══ Supplied data

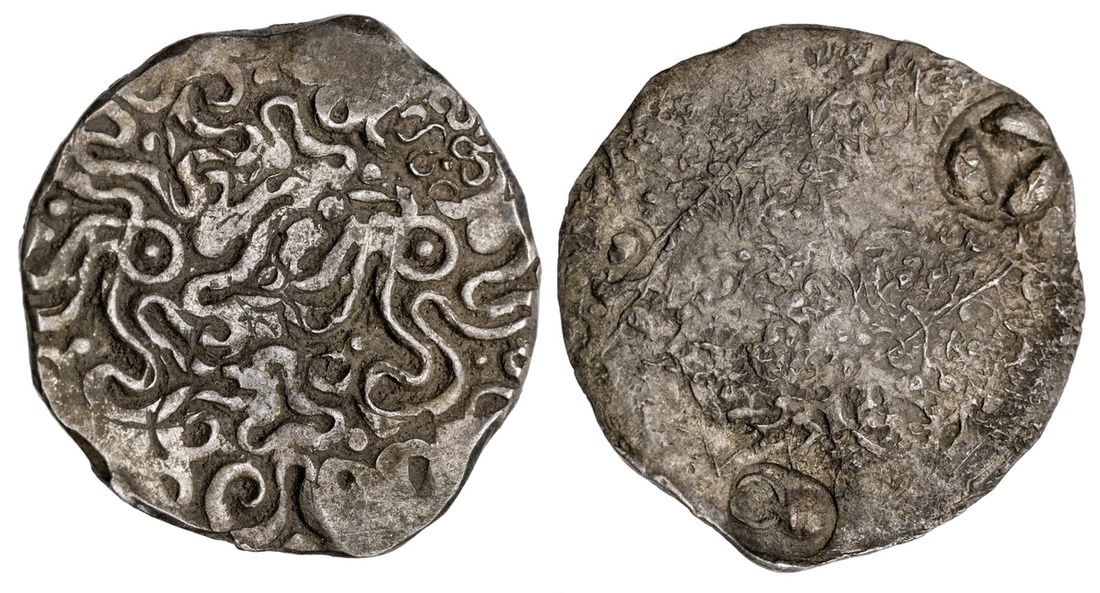 Ancient India. Uncertain Eastern realm. AR Vimshatika, ca. 5th-4th Century BC. 4.41 gms. Unusual geometric pattern suggestive of winding rivers. Taurine and other countermark on back. Little is known of this series which was found in easternmost India. Although north and further west, Panchala has been suggested, while some posit the design as an extension of the "worm" symbol found on Matsya issues. Very Fine.
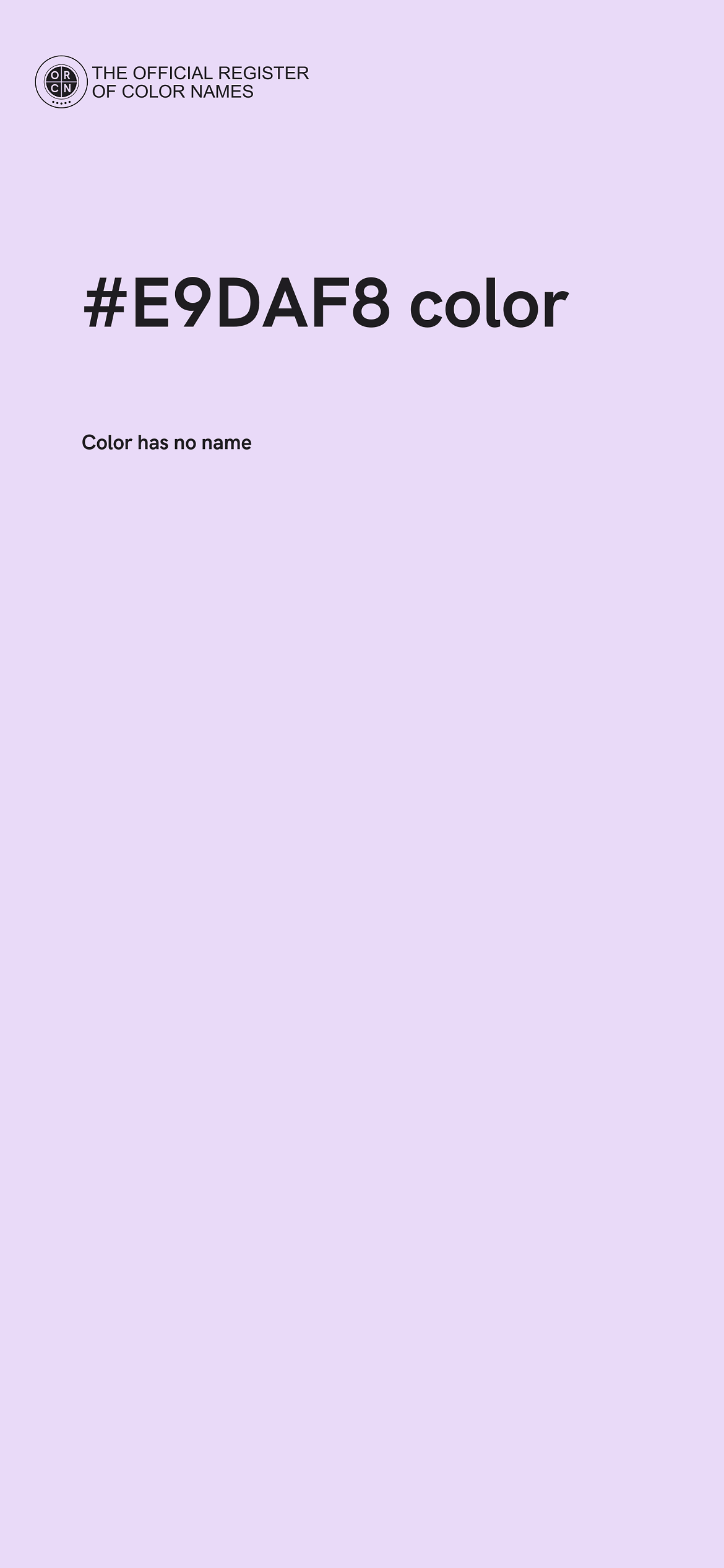 The digital color HEX #E9DAF8 belongs to the Violet Color Family featuring High Saturation (Saturation Family) and Luminous (Brightness Family).
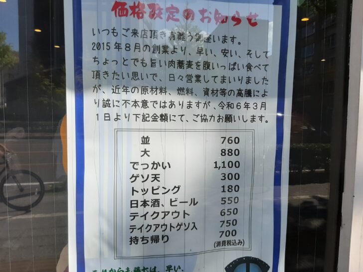『肉そば藤七 上杉本店』の肉そばは、原材料、燃料、資材等の高騰により2024年3月より価格改定となりました。メニューは肉そば・鳥中華・つけそばの3種類のみです。サイズがそれぞれ(並)760円・(大)880円・(でっかい)1,100円で、どれかを選択します。これに「トッピングげそ天180円」、「皿盛りげそ天300円」を追加できます。他には「日本酒、ビール550円」、「テイクアウト650円」、「テイクアウトゲソ入750円」、「持ち帰り700円」です。
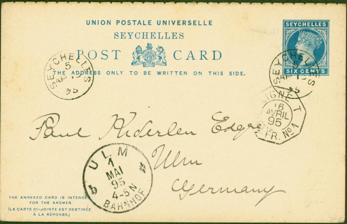 Seychelles 1895 Reply PC to Germany Fine & Attractive
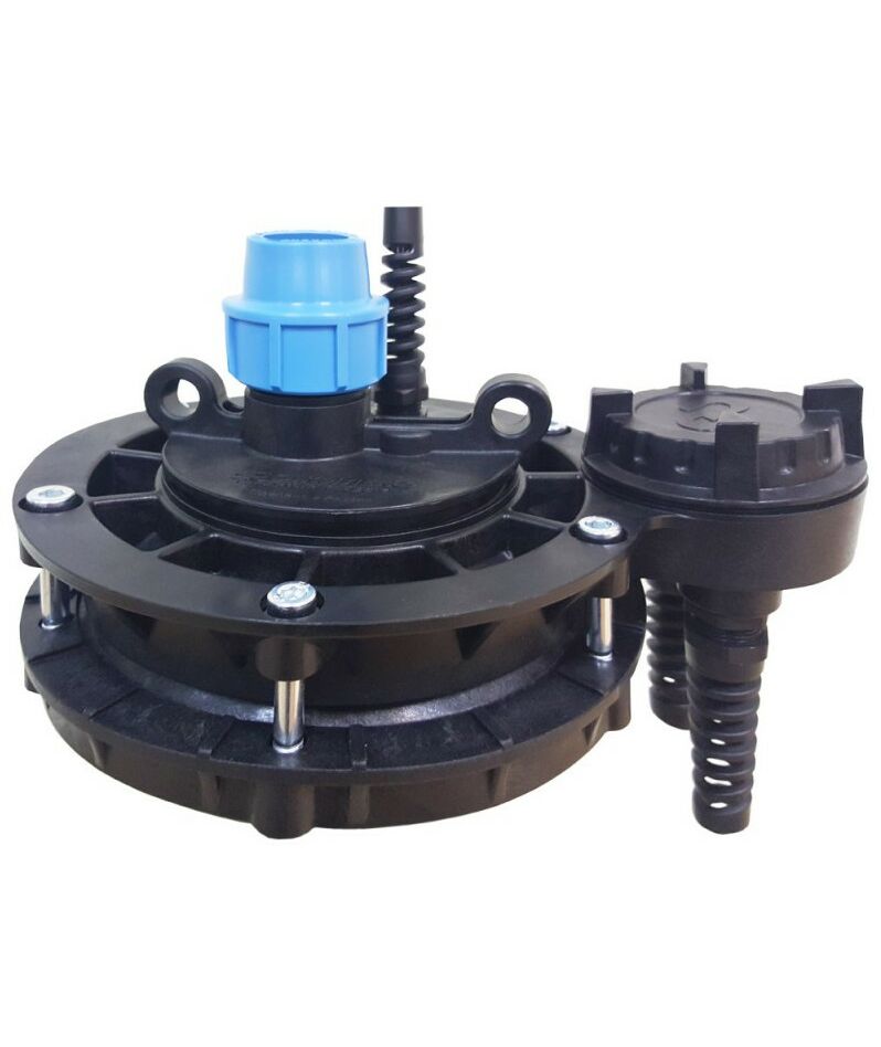 - Изготовлен из пластмассы, имеет "базовую часть", подходит для скважины с наружным диаметром обсадной трубы от 110 до 130 мм и напорной трубой ПНД диаметром 32 мм
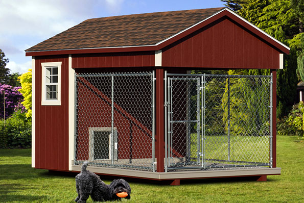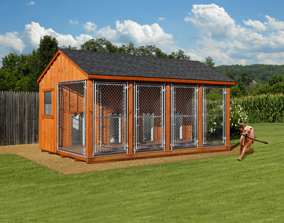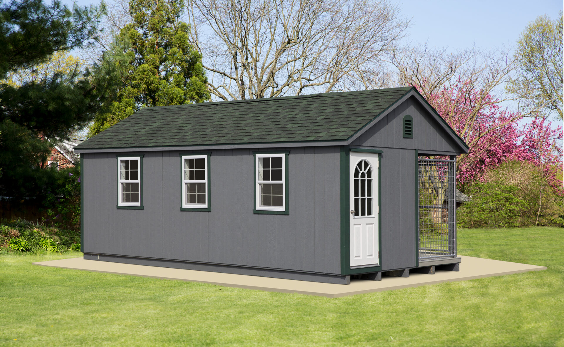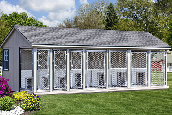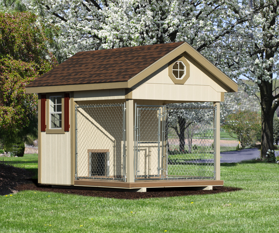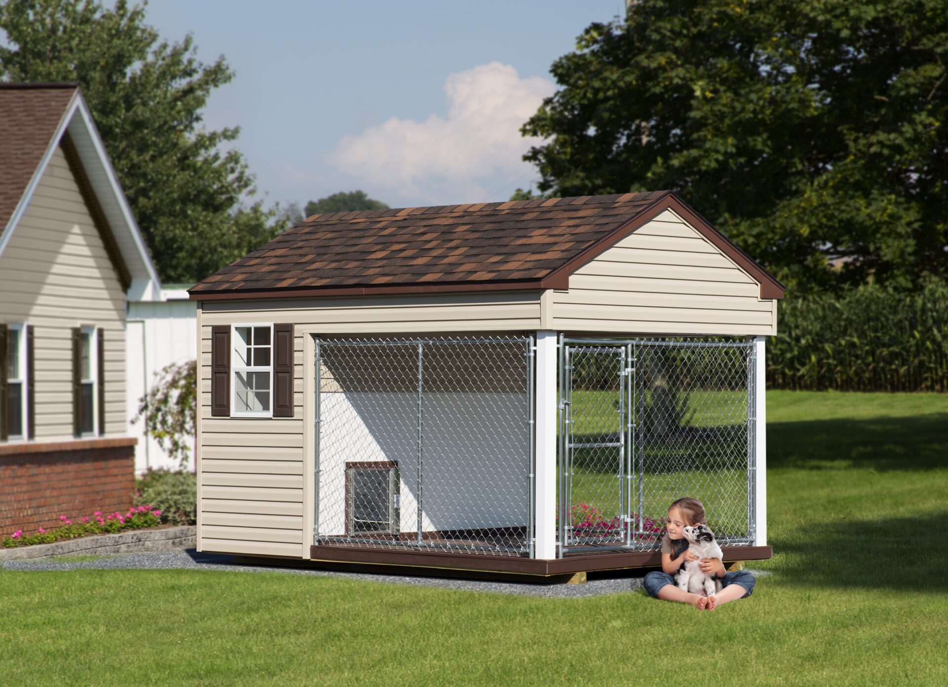 Amish Barn Company Residential and Commercial Dog Kennels feature large plexiglass dog doors, composite decking in the run area and insulation in the walls, floor and ceiling to keep your dogs extra cool. And we now offer Nationwide shipping! Visit our stock page to see what we have available right now for free delivery within 100 miles or stop in to customize yours today, before you end up in the DOG HOUSE!
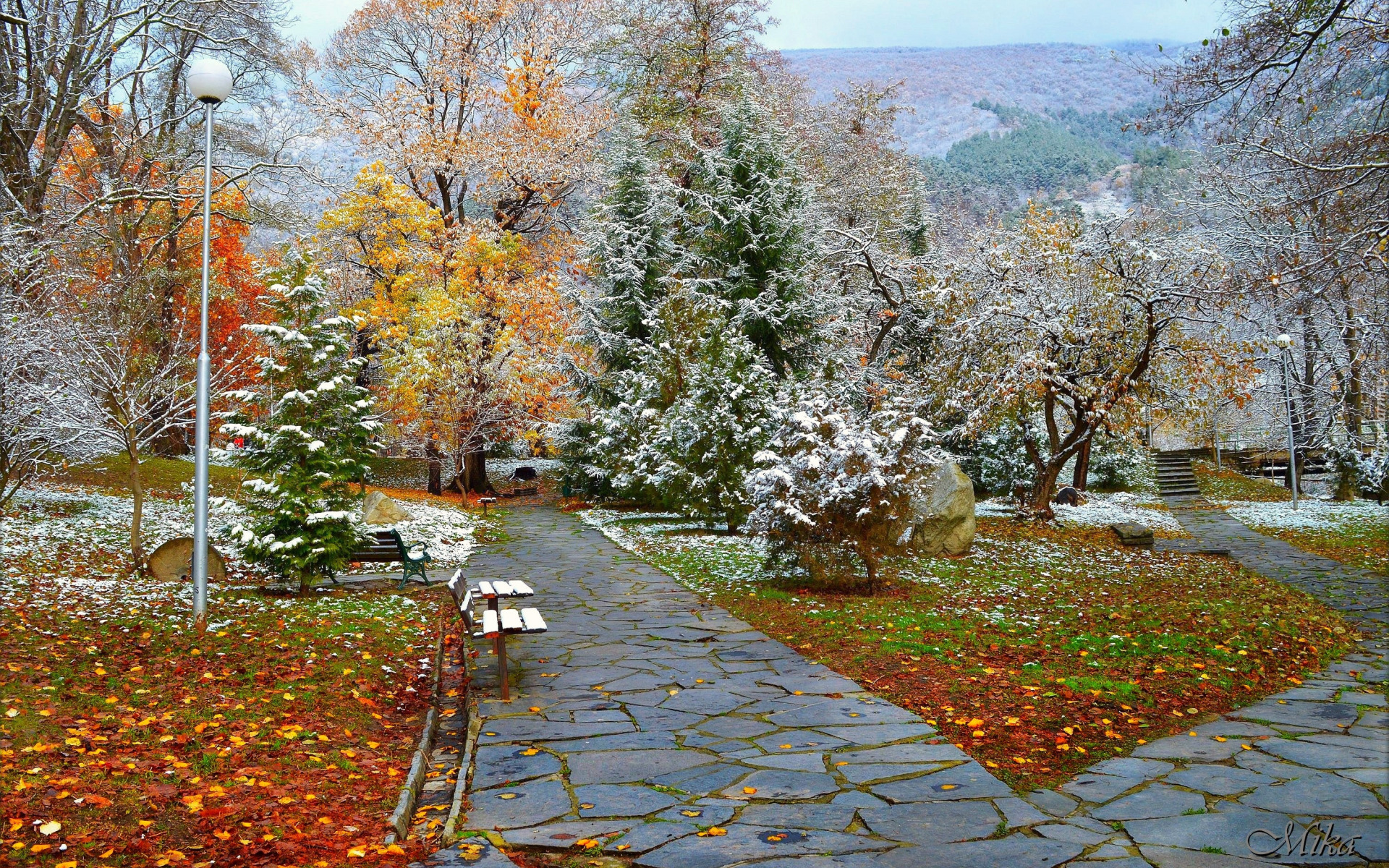 Edytor tapety: Pierwszy śnieg na jesiennych drzewach w parku

════

Only the records are wanted, copied exactly, with the pictures dropped.

 Ancient India. Uncertain Eastern realm. AR Vimshatika, ca. 5th-4th Century BC. 4.41 gms. Unusual geometric pattern suggestive of winding rivers. Taurine and other countermark on back. Little is known of this series which was found in easternmost India. Although north and further west, Panchala has been suggested, while some posit the design as an extension of the "worm" symbol found on Matsya issues. Very Fine.
 The digital color HEX #E9DAF8 belongs to the Violet Color Family featuring High Saturation (Saturation Family) and Luminous (Brightness Family).
『肉そば藤七 上杉本店』の肉そばは、原材料、燃料、資材等の高騰により2024年3月より価格改定となりました。メニューは肉そば・鳥中華・つけそばの3種類のみです。サイズがそれぞれ(並)760円・(大)880円・(でっかい)1,100円で、どれかを選択します。これに「トッピングげそ天180円」、「皿盛りげそ天300円」を追加できます。他には「日本酒、ビール550円」、「テイクアウト650円」、「テイクアウトゲソ入750円」、「持ち帰り700円」です。
 Seychelles 1895 Reply PC to Germany Fine & Attractive
 - Изготовлен из пластмассы, имеет "базовую часть", подходит для скважины с наружным диаметром обсадной трубы от 110 до 130 мм и напорной трубой ПНД диаметром 32 мм
 Amish Barn Company Residential and Commercial Dog Kennels feature large plexiglass dog doors, composite decking in the run area and insulation in the walls, floor and ceiling to keep your dogs extra cool. And we now offer Nationwide shipping! Visit our stock page to see what we have available right now for free delivery within 100 miles or stop in to customize yours today, before you end up in the DOG HOUSE!
 Edytor tapety: Pierwszy śnieg na jesiennych drzewach w parku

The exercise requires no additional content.